This PR introduces an experimental feature called "tablets". Tablets are
a way to distribute data in the cluster, which is an alternative to the
current vnode-based replication. Vnode-based replication strategy tries
to evenly distribute the global token space shared by all tables among
nodes and shards. With tablets, the aim is to start from a different
side. Divide resources of replica-shard into tablets, with a goal of
having a fixed target tablet size, and then assign those tablets to
serve fragments of tables (also called tablets). This will allow us to
balance the load in a more flexible manner, by moving individual tablets
around. Also, unlike with vnode ranges, tablet replicas live on a
particular shard on a given node, which will allow us to bind raft
groups to tablets. Those goals are not yet achieved with this PR, but it
lays the ground for this.
Things achieved in this PR:
- You can start a cluster and create a keyspace whose tables will use
tablet-based replication. This is done by setting `initial_tablets`
option:
```
CREATE KEYSPACE test WITH replication = {'class': 'NetworkTopologyStrategy',
'replication_factor': 3,
'initial_tablets': 8};
```
All tables created in such a keyspace will be tablet-based.
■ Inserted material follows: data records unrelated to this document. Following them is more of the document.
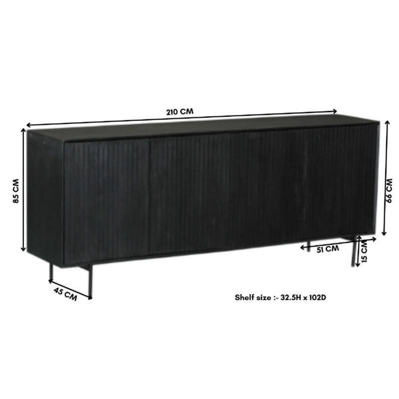 Dressoir 'Madison' is gemaakt van mangohout. Het metalen frame is afgewerkt met een zwarte lak. Dit model is voorzien van vier deuren. De deuren zijn voorzien van een verticaal lattenpatroon en is afgewerkt met een zwarte lak.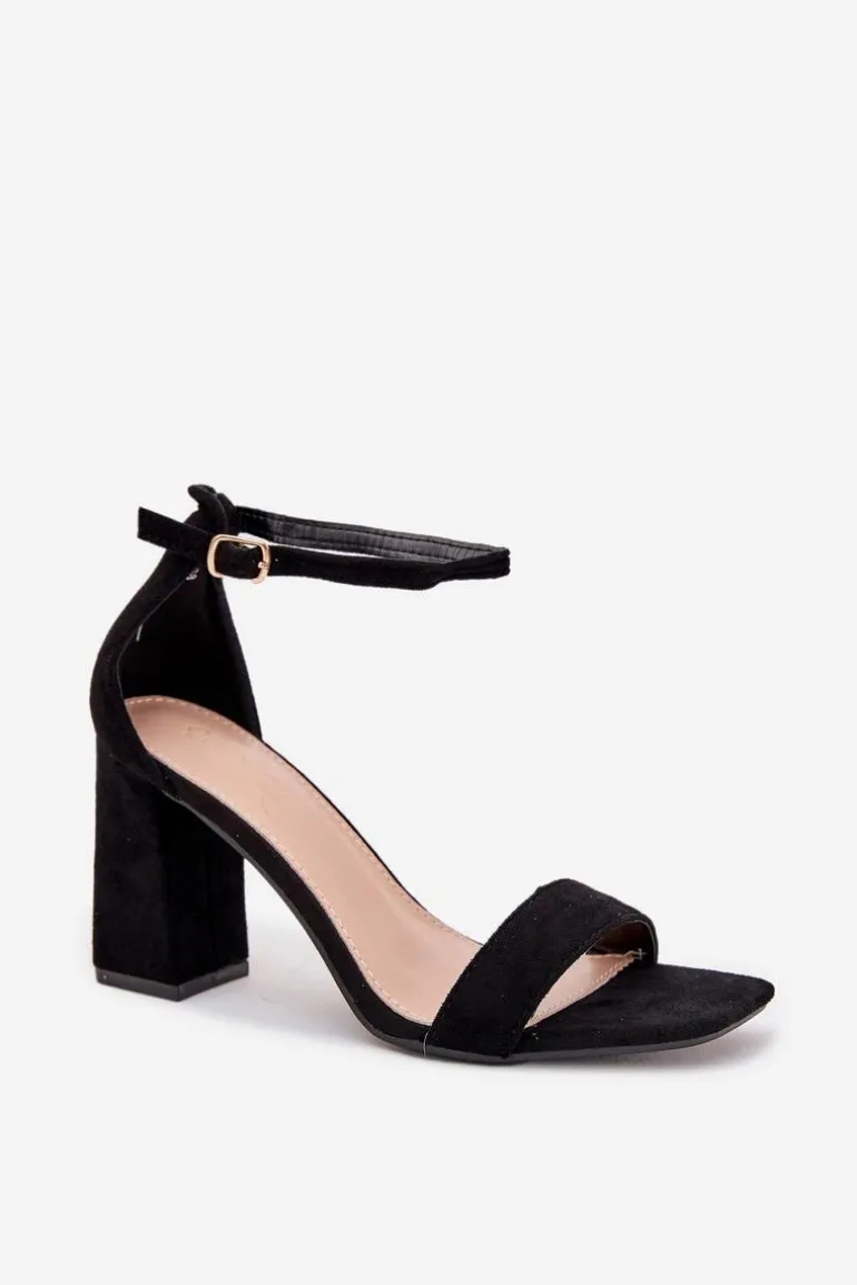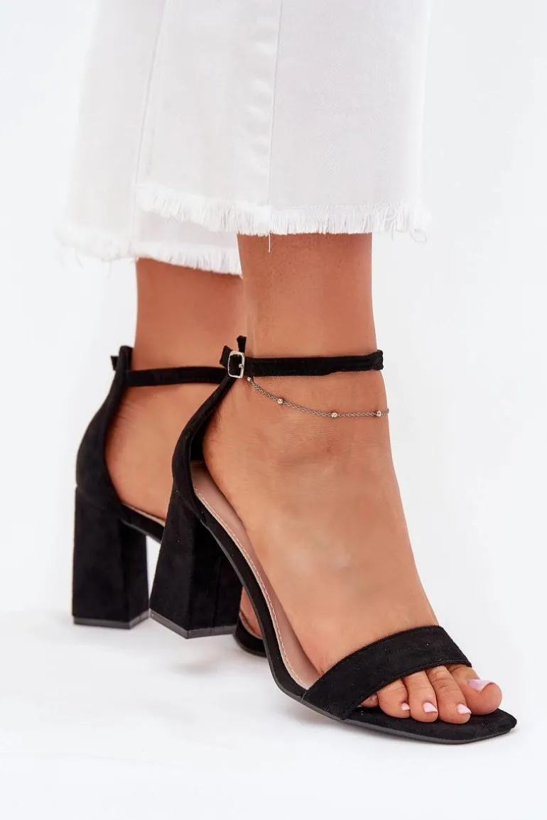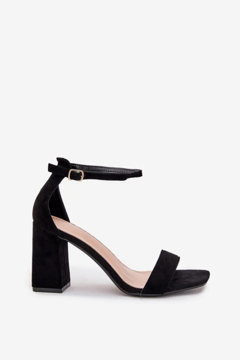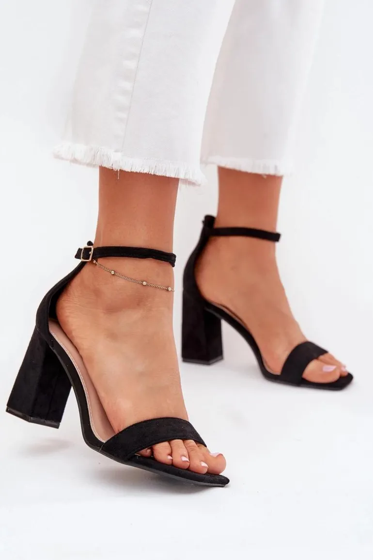 Sandały damskie z eko zamszu, osadzone na słupkowym obcasie, to klasyczna propozycja na różne okazje. Zapinane na sprzączkę z regulowanym paskiem, zapewniają idealne dopasowanie i komfort przez cały dzień. Doskonałe na wieczorne wyjścia, wesela czy inne uroczystości. Przy wyborze rozmiaru prosimy kierować tabelą rozmiarów.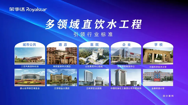 03 榮事達多領域直飲水工程 榮事達水工業(yè)公司作為凈水領域的佼佼者,已經(jīng)擁有二十年的行業(yè)積累。其產(chǎn)品覆蓋有千萬家庭、2000+企事業(yè)單位、3500+校園等場所。此外,榮事達水工業(yè)公司還獨立設計施工大型直飲水工程,包括秦始皇兵馬俑博物館、唐山世界園藝博覽會、三亞鳳凰國際機場、合福高鐵沿途站點等知名項目,以及埃塞俄比亞總統(tǒng)府、馬來西亞巴生港、贊比亞恩多拉機場、巴基斯坦默蒂亞里等海外項目,贏得了廣泛的贊譽和信賴。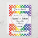 Diese hochkarätige thematische Hochzeitseinladung ist eine farbenfrohe und einzigartige Möglichkeit, Familie und Freunde zu Ihren kommenden Nuptials einzuladen. Mit einem Hintergrund von Rot, Gelb, Blau, Grün und lila mit weißen Herzen überzogen, ist es eine helle und fröhliche Art, Ihre Liebe zu verkünden. Namen, Daten und Adressen können nach Ihren Angaben geändert werden. Es ist eine wirklich einmalige Einladung für das Paar.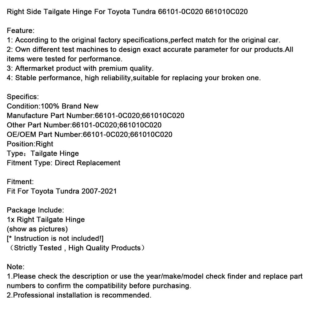 Right Side Tailgate Hinge For Toyota Tundra 66101-0C020?661010C020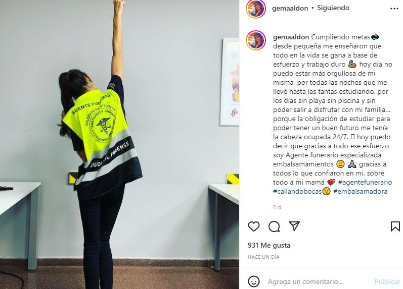 Gema, sin embargo, no tiene intención de publicitarse en los medios. Precisamente estos días ha celebrado en redes sociales su logro laboral: es por fin agente funeraria especializada en embalsamamientos. La hija de Ana María Aldón, por tanto, no necesita en absoluto salir en los medios para mantenerse sino que tiene una carrera lograda por sus propios méritos.
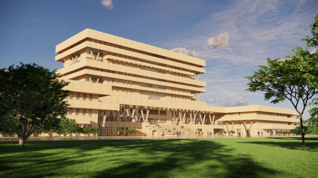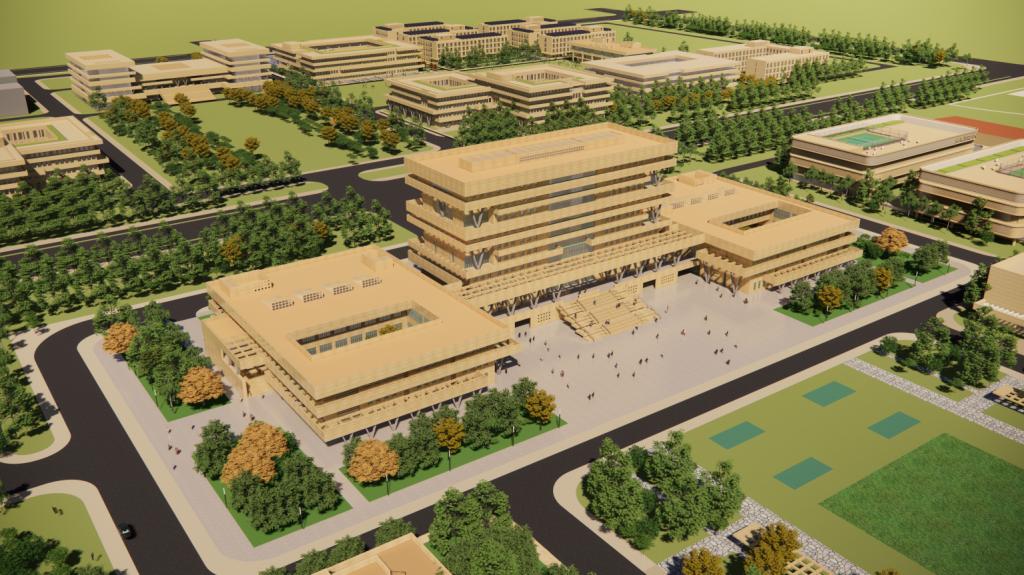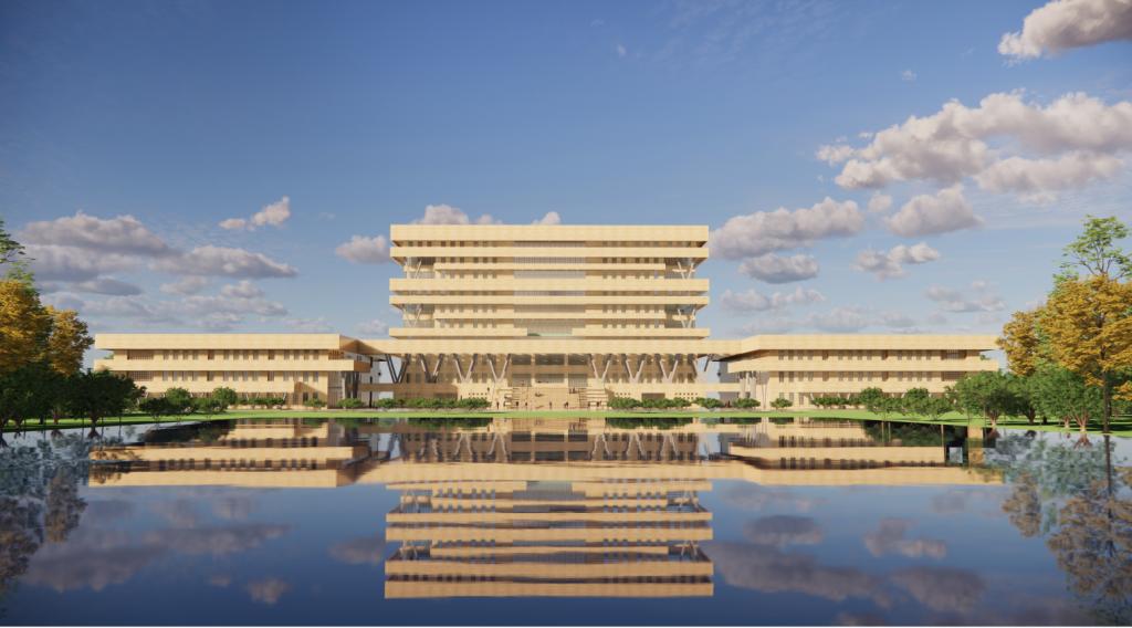 主体结构功能为电子图书馆、共享办公、工科基础公共教室及实验室。采用方正规整的建筑布局形式,简洁实用,以“质朴”为建筑整体风格的底色,结合适应当地气候特征的结构遮阳构件的设置,整体建筑与南疆这种地域辽阔、大山大川大漠的水平延展气度相互呼应,相互融合,体现了塔大“沙漠学府”及“胡杨精神”的朴素与坚韧。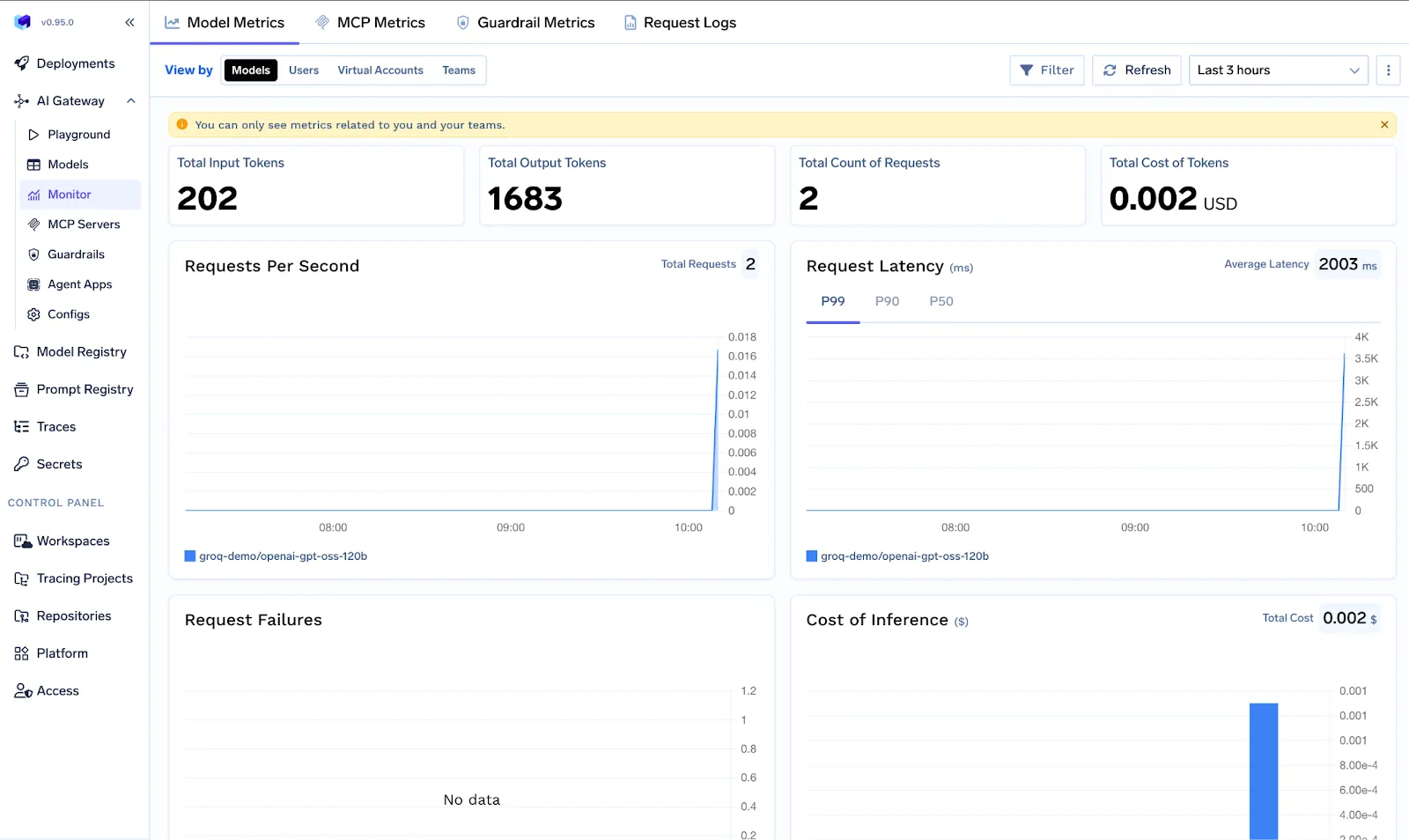 By centralizing these functions, TrueFoundry eliminates the need for teams to build connectors, write routing logic, or manage separate dashboards. The gateway becomes the nervous system of your AI infrastructure, enforcing consistency, security, and reliability across every model and agent.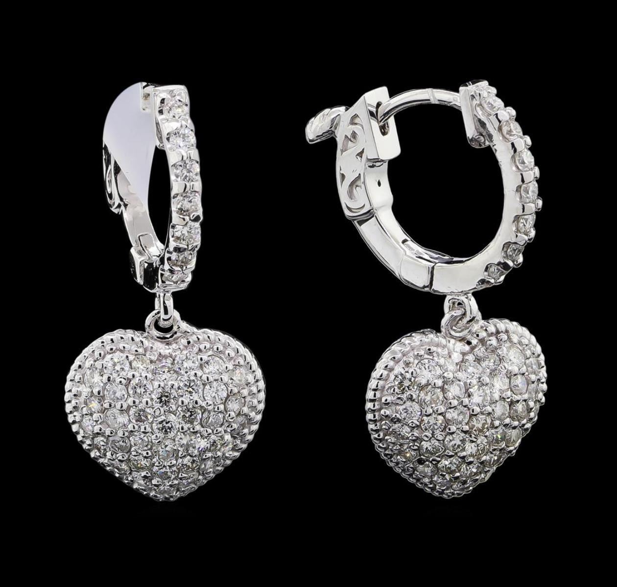 One pair electronically tested 14KT white gold lady's combination cast & assembled heart shape dangle earrings with hinged, snap locking posts with a bright polish finish. The featured lady's earrings have a drop of 25 millimeters. Identified with markings of 'K14'. Condition is new, good workmanship. Containing: Thirty-Six prong set round brilliant cut diamonds, measuring 1.60 - 1.50 x 0.96mm (depth est.) approximate total weight of 36 Stones = 0.51ct. Graded in the setting. Clarity SI-1 to SI-3. Color: G - H Cut Good Fifty prong set round brilliant cut diamonds, measuring 1.40 - 1.35 x 0.86mm (depth est.) approximate total weight of 50 Stones = 0.52ct. Graded in the setting. Clarity SI-1 to SI-2. Color: G - H Cut Good. Total Weight of Diamonds 1.03ct.. Total Weight of Earrings 5.20gm. GAS Appraised.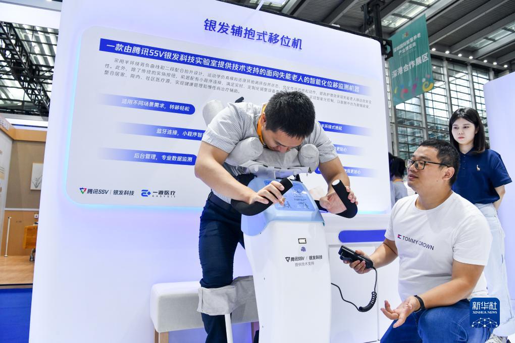 9月15日,觀眾在深圳智慧養老展上體驗失能老人智能化照護産品——銀發輔抱式移位機。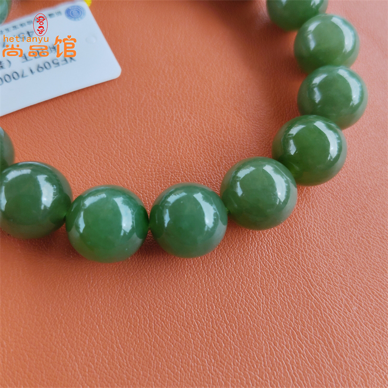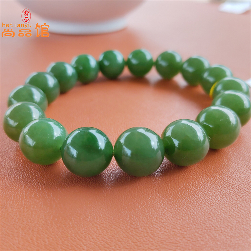 碧玉圆珠12mm手串豆绿和田碧玉无黑点颜色均匀女款手链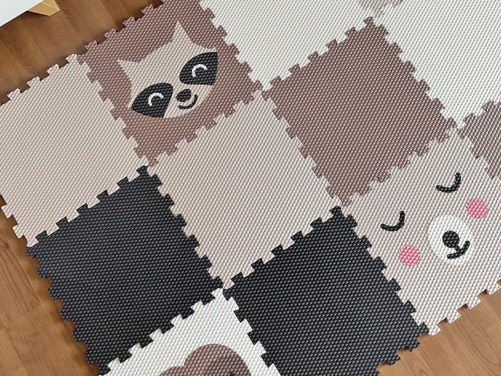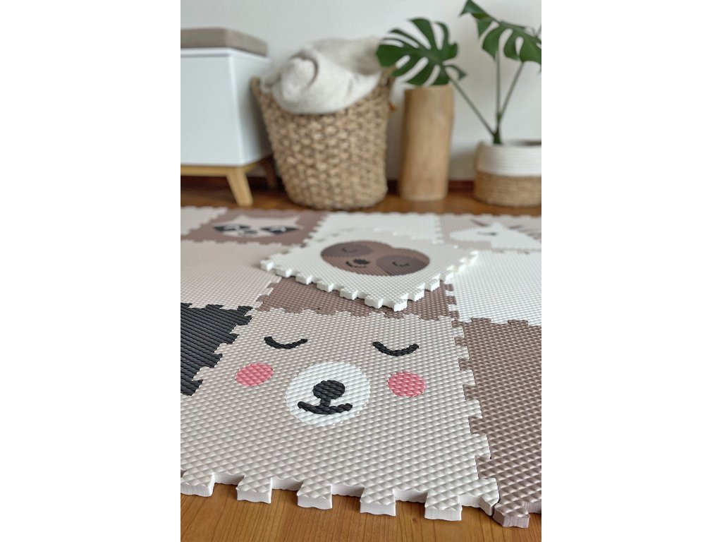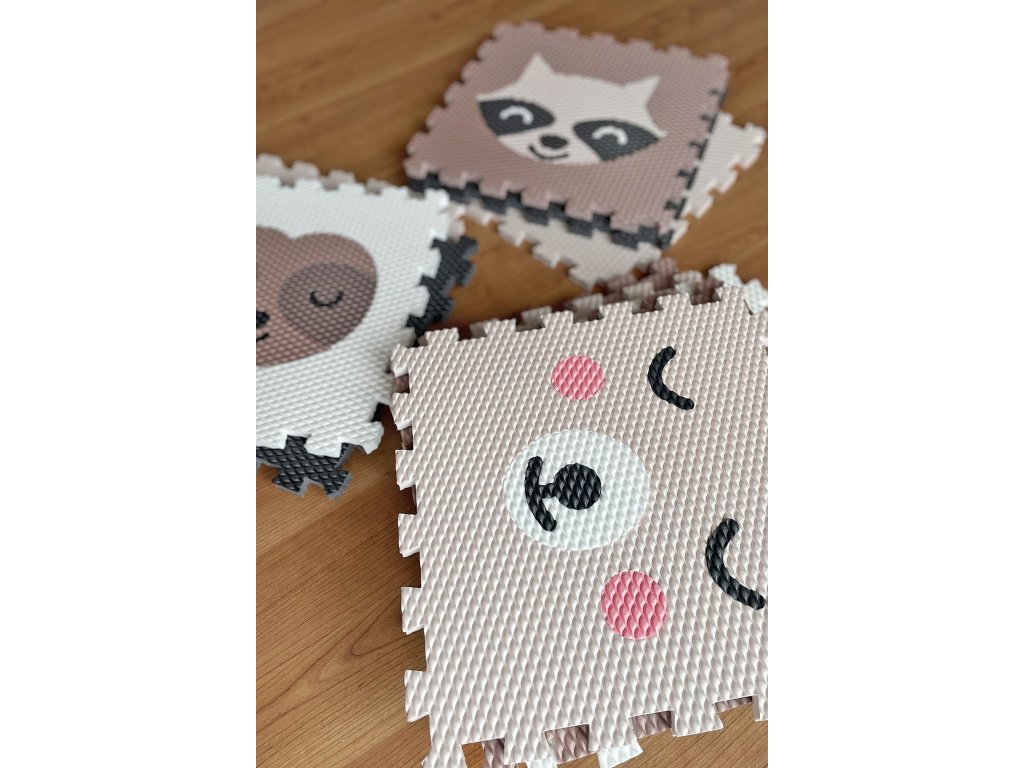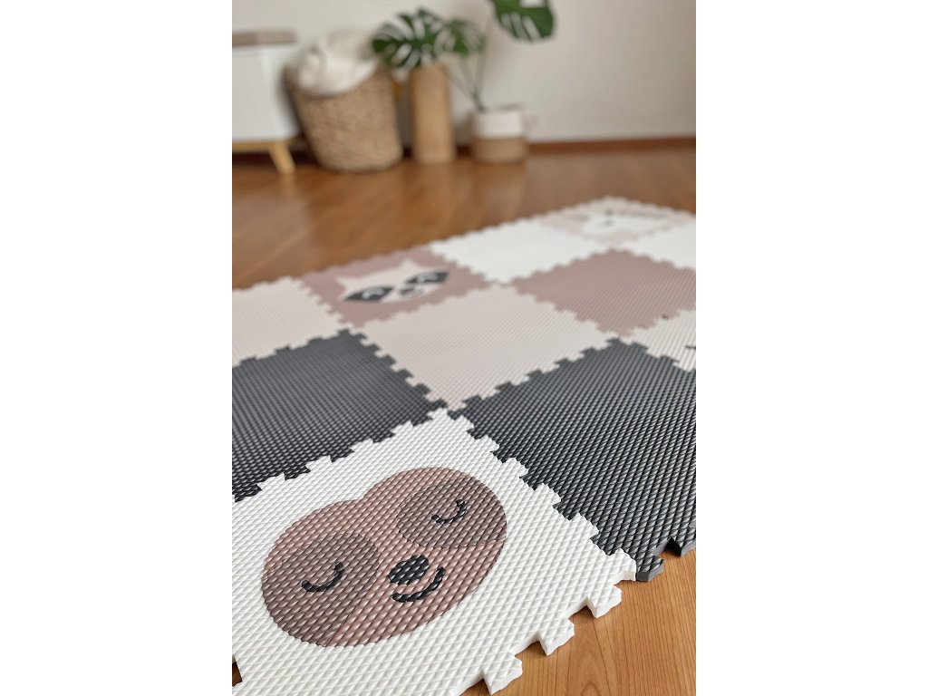 | Sada obsahuje: | 12 pěnových puzzle podložek (2 černé puzzle, 2 bílé puzzle, 2 krémové puzzle, 2 hnědé puzzle, 1 bílá puzzle s hnědým lenochodem, 1 krémová puzzle s medvědem, 1 krémová puzzle s bílým jednorožcem, 1 hnědá puzzle s krémovým mývalem) |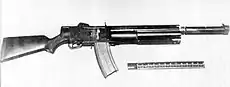 - ствольная коробка в виде двух качающихся на поперечной шпильке половин (upper/lower reciever), как у бельгийской винтовки FN FAL, немецкой StG44 или советских пистолетов-пулемётов Шпагина (ППШ) и Судаева (ППС);

Tablet-based replication is a trait, not a separate replication
strategy. Tablets don't change the spirit of replication strategy, it
just alters the way in which data ownership is managed. In theory, we
could use it for other strategies as well like
EverywhereReplicationStrategy. Currently, only NetworkTopologyStrategy
is augmented to support tablets.
- You can create and drop tablet-based tables (no DDL language changes)
- DML / DQL work with tablet-based tables
Replicas for tablet-based tables are chosen from tablet metadata
instead of token metadata
Things which are not yet implemented:
- handling of views, indexes, CDC created on tablet-based tables
- sharding is done using the old method, it ignores the shard allocated in tablet metadata
- node operations (topology changes, repair, rebuild) are not handling tablet-based tables
- not integrated with compaction groups
- tablet allocator piggy-backs on tokens to choose replicas.
Eventually we want to allocate based on current load, not statically
Closes #13387
* github.com:scylladb/scylladb:
test: topology: Introduce test_tablets.py
raft: Introduce 'raft_server_force_snapshot' error injection
locator: network_topology_strategy: Support tablet replication
service: Introduce tablet_allocator
locator: Introduce tablet_aware_replication_strategy
locator: Extract maybe_remove_node_being_replaced()
dht: token_metadata: Introduce get_my_id()
migration_manager: Send tablet metadata as part of schema pull
storage_service: Load tablet metadata when reloading topology state
storage_service: Load tablet metadata on boot and from group0 changes
db, migration_manager: Notify about tablet metadata changes via migration_listener::on_update_tablet_metadata()
migration_notifier: Introduce before_drop_keyspace()
migration_manager: Make prepare_keyspace_drop_announcement() return a future<>
test: perf: Introduce perf-tablets
test: Introduce tablets_test
test: lib: Do not override table id in create_table()
utils, tablets: Introduce external_memory_usage()
db: tablets: Add printers
db: tablets: Add persistence layer
dht: Use last_token_of_compaction_group() in split_token_range_msb()
locator: Introduce tablet_metadata
dht: Introduce first_token()
dht: Introduce next_token()
storage_proxy: Improve trace-level logging
locator: token_metadata: Fix confusing comment on ring_range()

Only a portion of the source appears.